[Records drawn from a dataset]
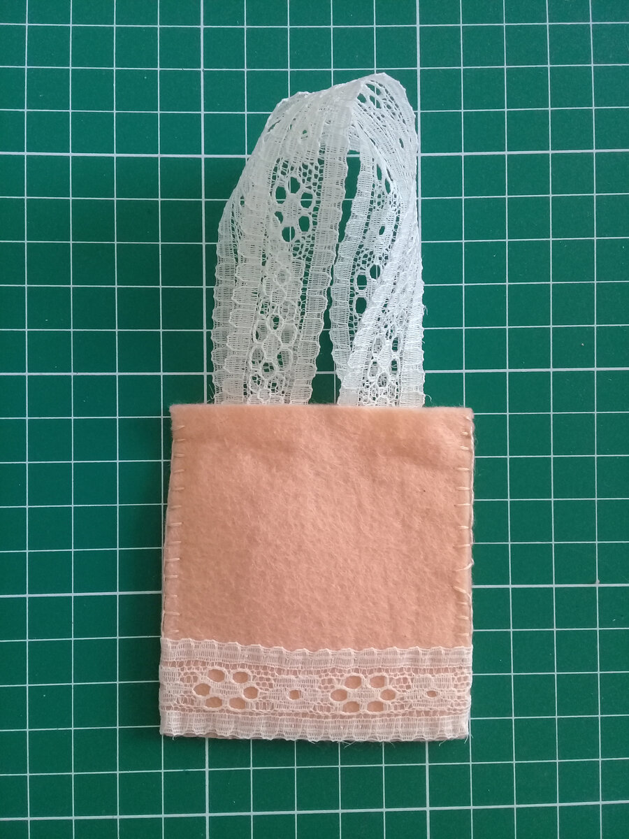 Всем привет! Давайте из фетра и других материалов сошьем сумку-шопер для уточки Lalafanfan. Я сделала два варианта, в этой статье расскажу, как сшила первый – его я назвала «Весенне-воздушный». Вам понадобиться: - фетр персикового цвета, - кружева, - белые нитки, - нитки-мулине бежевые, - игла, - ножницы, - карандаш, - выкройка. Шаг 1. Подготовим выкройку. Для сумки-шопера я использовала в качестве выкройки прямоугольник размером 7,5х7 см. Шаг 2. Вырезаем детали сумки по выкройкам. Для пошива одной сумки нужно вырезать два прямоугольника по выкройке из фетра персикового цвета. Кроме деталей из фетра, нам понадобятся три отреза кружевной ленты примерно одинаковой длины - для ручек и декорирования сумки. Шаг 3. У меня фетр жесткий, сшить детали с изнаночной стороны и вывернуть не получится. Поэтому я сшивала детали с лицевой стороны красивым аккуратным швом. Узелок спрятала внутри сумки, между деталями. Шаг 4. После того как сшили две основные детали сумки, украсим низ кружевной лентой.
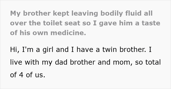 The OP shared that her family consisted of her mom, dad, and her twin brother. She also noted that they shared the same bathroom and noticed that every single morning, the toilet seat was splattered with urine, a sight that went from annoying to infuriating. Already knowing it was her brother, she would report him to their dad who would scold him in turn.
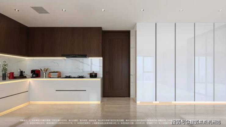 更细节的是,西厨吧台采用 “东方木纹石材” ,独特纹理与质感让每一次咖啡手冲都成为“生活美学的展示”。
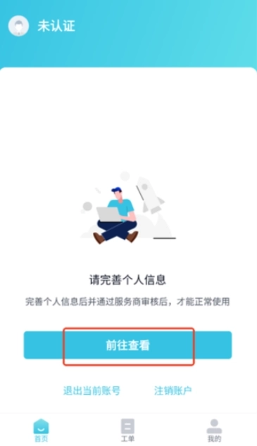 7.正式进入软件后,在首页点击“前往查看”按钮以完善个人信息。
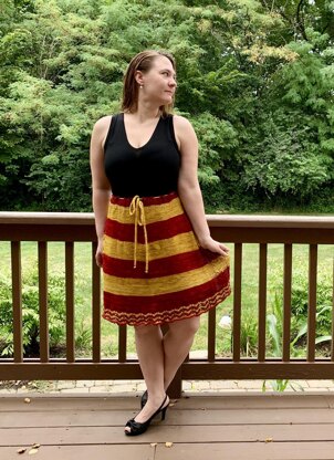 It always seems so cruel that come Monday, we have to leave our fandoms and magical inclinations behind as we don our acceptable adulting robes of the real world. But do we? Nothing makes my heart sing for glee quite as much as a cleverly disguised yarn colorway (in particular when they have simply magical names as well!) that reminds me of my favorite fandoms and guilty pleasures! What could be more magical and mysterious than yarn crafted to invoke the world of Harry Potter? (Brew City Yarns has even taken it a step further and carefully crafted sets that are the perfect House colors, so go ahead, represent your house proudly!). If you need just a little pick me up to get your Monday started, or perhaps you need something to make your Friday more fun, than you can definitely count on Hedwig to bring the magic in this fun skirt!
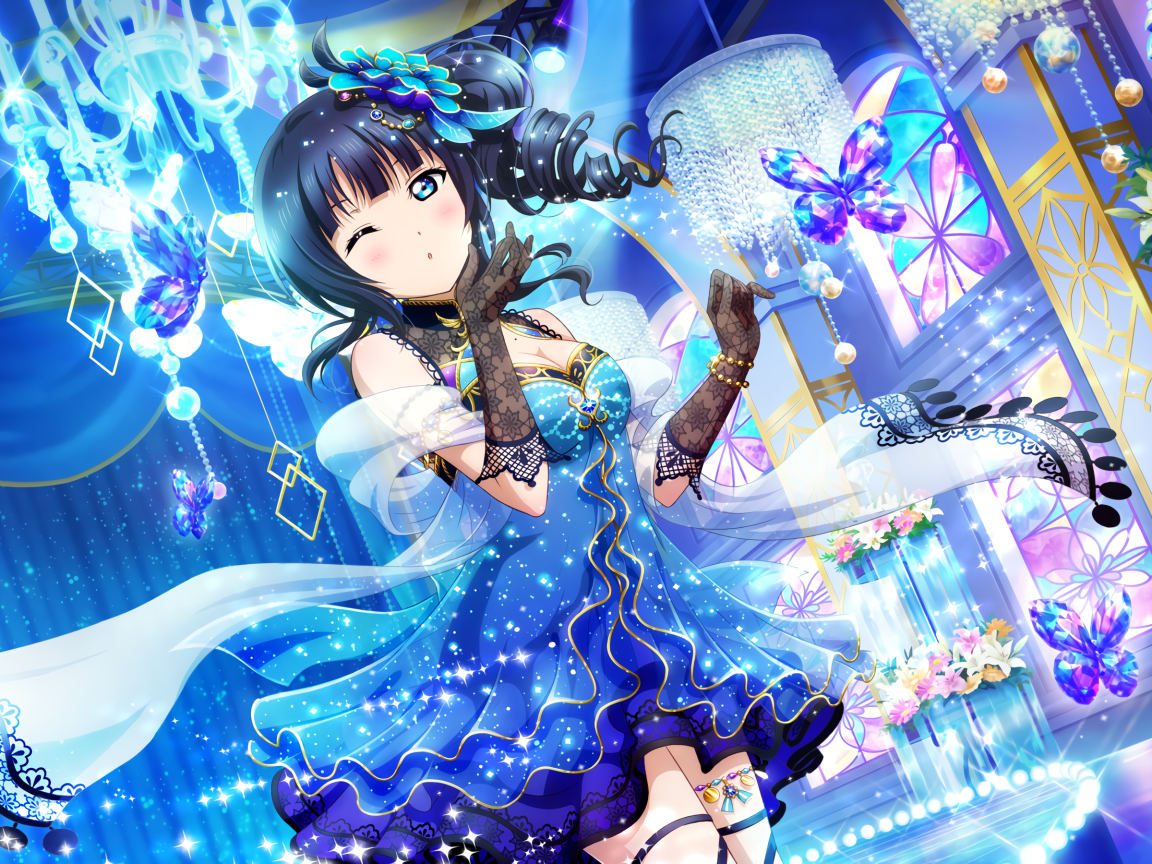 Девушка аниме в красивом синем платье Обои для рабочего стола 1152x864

---

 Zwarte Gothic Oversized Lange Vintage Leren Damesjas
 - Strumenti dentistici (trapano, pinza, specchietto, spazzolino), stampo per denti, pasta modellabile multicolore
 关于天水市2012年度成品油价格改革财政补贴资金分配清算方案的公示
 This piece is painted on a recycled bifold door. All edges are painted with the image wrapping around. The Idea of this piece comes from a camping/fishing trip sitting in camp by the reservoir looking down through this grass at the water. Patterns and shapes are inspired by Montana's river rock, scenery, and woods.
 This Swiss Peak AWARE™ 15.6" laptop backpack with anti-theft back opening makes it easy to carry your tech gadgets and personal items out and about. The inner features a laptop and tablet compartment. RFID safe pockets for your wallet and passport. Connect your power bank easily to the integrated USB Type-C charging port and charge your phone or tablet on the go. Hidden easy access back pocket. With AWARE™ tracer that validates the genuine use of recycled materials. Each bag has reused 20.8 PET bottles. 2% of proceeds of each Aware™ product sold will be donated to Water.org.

[EXERCISE PROMPT]
Using the records above, set down exactly the lines from the one with "Zwarte Gothic Oversized" through the one with "This piece is", inclusive, and nothing more.

[COMPLETED EXERCISE]
 Zwarte Gothic Oversized Lange Vintage Leren Damesjas
 - Strumenti dentistici (trapano, pinza, specchietto, spazzolino), stampo per denti, pasta modellabile multicolore
 关于天水市2012年度成品油价格改革财政补贴资金分配清算方案的公示
 This piece is painted on a recycled bifold door. All edges are painted with the image wrapping around. The Idea of this piece comes from a camping/fishing trip sitting in camp by the reservoir looking down through this grass at the water. Patterns and shapes are inspired by Montana's river rock, scenery, and woods.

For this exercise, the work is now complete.